Avalanche danger ratings, snowpack stability, and recent avalanche reports
This avalanche monitor displays current avalanche danger ratings from forecast centers worldwide. Users searching for avalanche danger near me, avalanche forecast, or backcountry conditions can see today's ratings, identified avalanche problems, and recent incident reports.
The international five-level scale runs from Low (1) through Moderate (2), Considerable (3), High (4), and Extreme (5). Low ratings indicate generally safe conditions where small avalanches are possible only on steep extreme terrain. Considerable — the most commonly underestimated rating — represents human-triggered avalanche likelihood and accounts for the highest share of fatalities globally. Most avalanche fatalities occur at Considerable and Moderate ratings, not at High or Extreme.
Forecasters identify specific avalanche problems present in the snowpack: storm slabs from recent loading, wind slabs from wind transport, persistent slabs over a weak buried layer, deep persistent slabs reaching to the ground, wet slabs from melting, cornice falls, and loose dry or loose wet sluffs.
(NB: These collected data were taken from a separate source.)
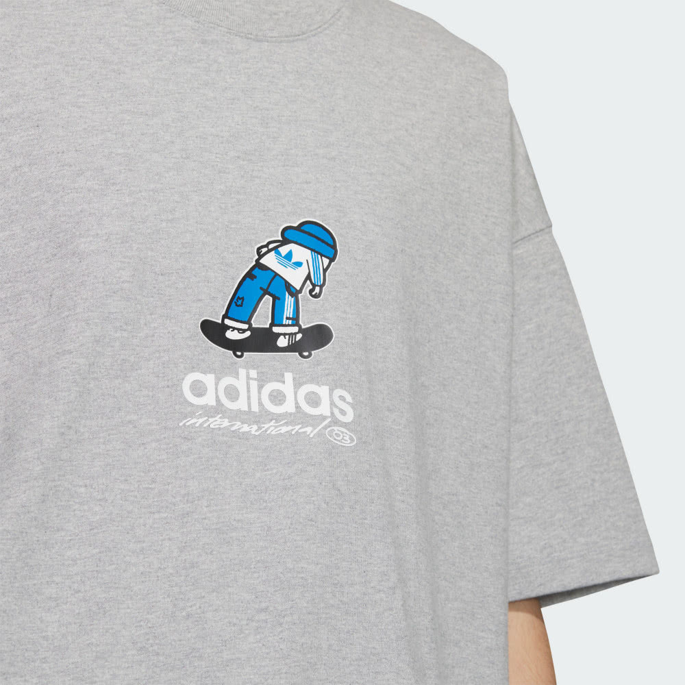 【 adidas CS TEE SS M 滑板塗鴉短TEE - 灰 】
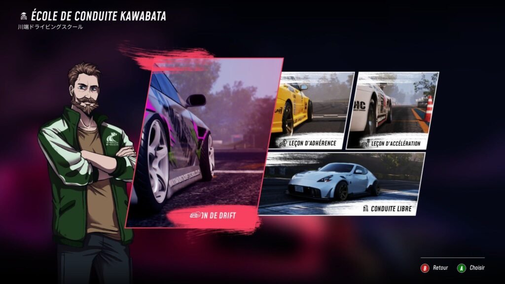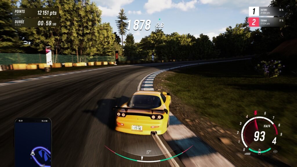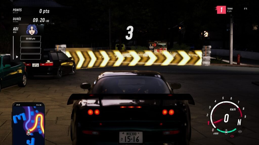Bon c’était quand même beaucoup de ligne pour dire que chaque « cinématique » me permettait d’alimenter une batterie sur éolienne tellement je soufflais devant mon écran. Laissons place un peu au gameplayOu « jouabilité » en français, fait référence à la façon dont le joueur interagit avec un jeu vidéo. ! Comme dit plus haut, les développeurs ont passé beaucoup de temps à prendre les retours des joueurs sur la démo pour peaufiner au max la conduite. Au début, bon, ce n’est pas trop ça, les voitures n’ont vraiment rien dans le cul. Le drift est un peu compliqué, surtout quand, après t’avoir filé deux minutes au début une Silvia taillé pour être mise en travers, on te refile un vieux tacot fatigué qui peine à se jeter dans un virage en fond de 3ᵉ. De plus, les différents trajets de drifts sont pensés pour des voitures plus véloces, donc on passe beaucoup de temps au début à zigzaguer en ligne droite pour pas perdre son multiplicateur, ce qui, il faut le dire, est un peu ridicule.
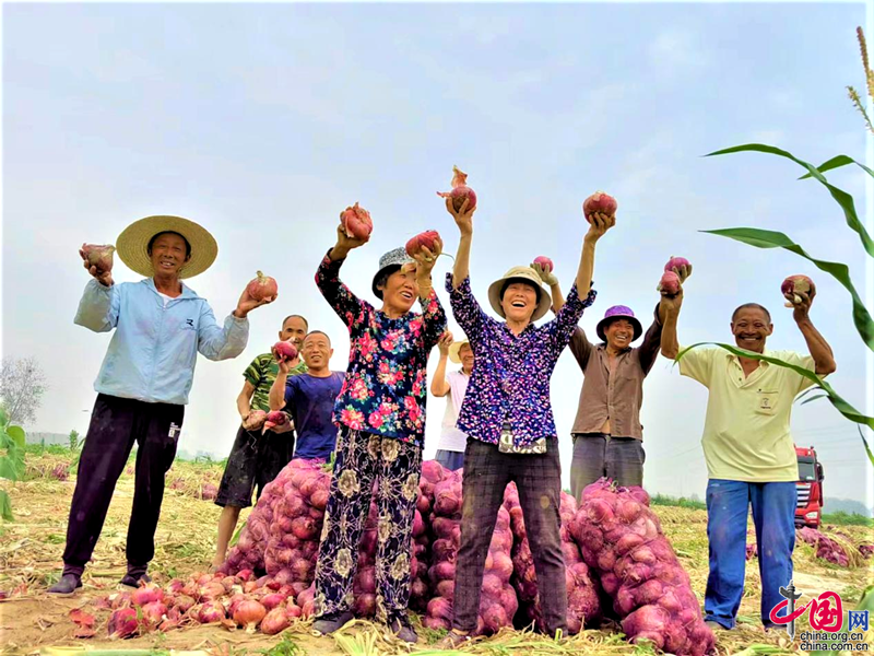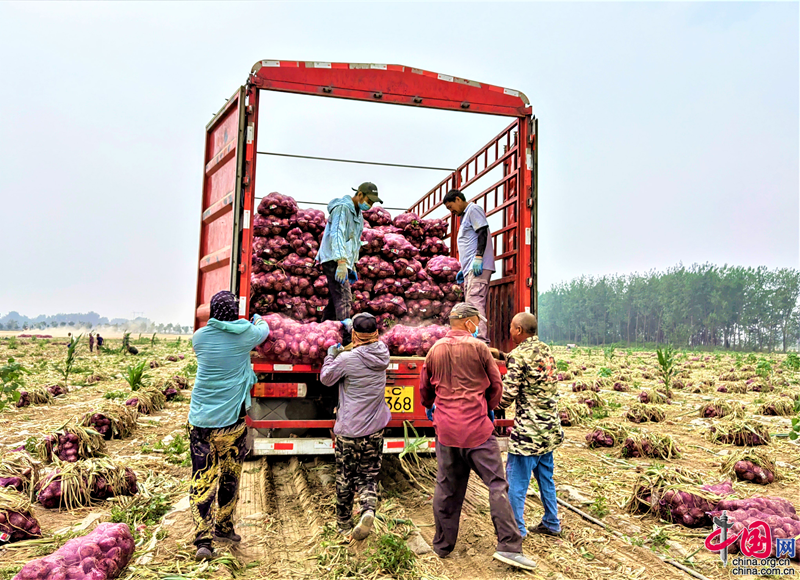 中国网6月16日讯 6月13日,在江苏省睢宁县王集镇吴庙村洋葱种植基地里,田里堆满了刚拔出来的洋葱,年纪稍大的村民正忙着给洋葱分拣、装袋,年龄轻的壮劳力在忙着搬运、装车,到处是农民群众收获洋葱的忙碌身影,150亩洋葱地里上演着丰收的喜人场景。
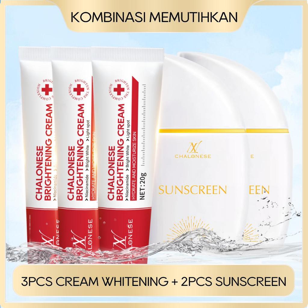 CHALONESE Menjaga kelembapan Paket Glow Whitening Series 3pcs Cream Whitening +2 pcs sunscreen cream pelembab BPOM
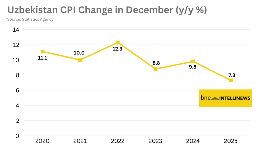 Источник: Uzbekistan's annual inflation eases to 7.3% in December
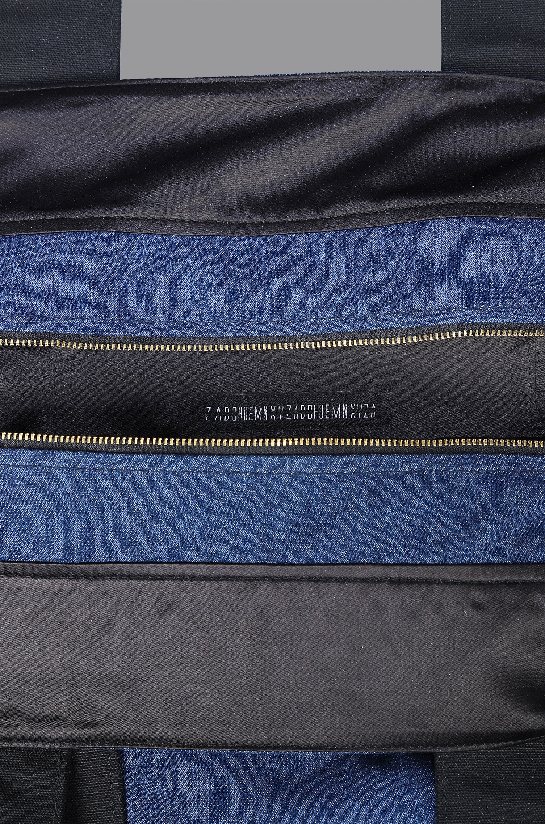 HUEMN Travel Essentials Zippered Tote Bag, handcrafted from 100% cotton denim. The product has an asymmetric handle detail, a slip pocket on the inside, two front pockets, and a zipped pocket on the back for additional storage, and is finished with a 3D printed logo on the front.
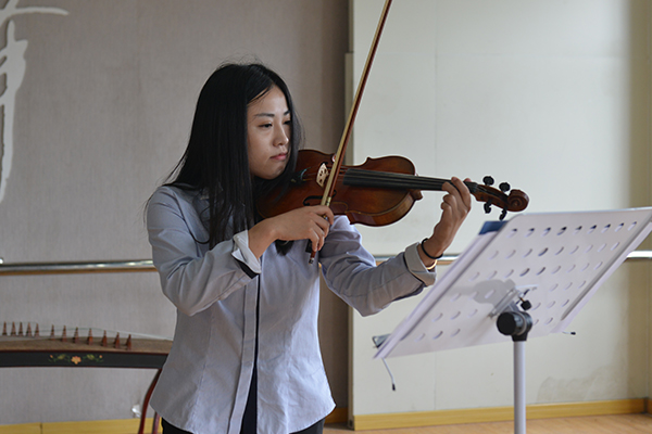 比赛中,每位教师充分发挥个人的专业优势,展示了扎实的专业基本功:扬琴独奏曲《黄河》采用冼星海《黄河大合唱》第四乐章《黄河谣》的主旋律改编,描绘出祖国山河气势磅礴、雄伟壮丽的画面;小提琴演奏《莫扎特第三协奏曲》音色优美、欢快流畅,跳跃的节奏焕发着青春的活力;古典舞表演《木兰卸甲》描绘了木兰从军归来顽强不屈、不畏世俗的巾帼女英雄形象……精彩节目展示渗透了中西方音乐文化的多样性。在最后的课程答辩中,老师们结合教学实际和课程课标研究,阐述了对课程、课堂教学、学科素养及相关教育理论问题的理解,思路清晰、表达流利,现场洋溢着浓厚的研讨氛围。
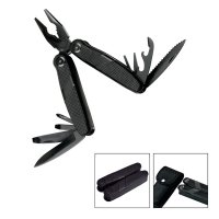 Artikel-Nr: 57383200SW-SWMulti-Werkzeug mit 11 Funktionen. Dieses Tool wurde speziell für den Heim- und Profihandwerker entwickelt. Die Griffe sind aus strukturiertem, rutschfestem Material und garantieren einen sicheren Halt. Alle Werkzeuge sind aus schwarzem rostfreiem Edelstahl 420 gefertigt. Folgende Werkzeuge bietet Ihnen dieses Tool: Zange mit Seitenschneider, Messer (Klingenlänge 6,5 cm), Säge, Phillips-Schraubendreher, 2x Schlitz-Schraubendreher (3 / 4 mm), Dosenöffner, Kronkorken-Heber, Metallfeile und Ahle. Nylon-Gürteltasche inkl.

Each problem requires different terrain choices and trigger management. Persistent weak layers — buried surface hoar, faceted snow, depth hoar — remain reactive for weeks or months and produce the deadliest avalanche cycles.
Most fatal avalanches are triggered by the victim or a member of the victim's party rather than by natural release. Slope angles between 30° and 45° produce the vast majority of slab avalanches; below 30° the snow stays put, above 50° it sloughs continuously and accumulates less. Survival rate falls from 91% if dug out within 15 minutes to under 30% after 45 minutes — companion rescue with beacon, probe, and shovel is the only realistic chance for buried victims.
Anyone traveling in avalanche terrain should carry a beacon, probe, and shovel, and have practiced rescue skills. Pre-trip planning includes reading the forecast, examining terrain choice options, and identifying safe zones. Group management — exposing only one person at a time to slopes, maintaining visual contact, communicating about hazards — reduces consequences when triggers occur. Formal avalanche education (AIARE in North America, equivalent programs in Europe) is strongly recommended for anyone traveling in avalanche terrain.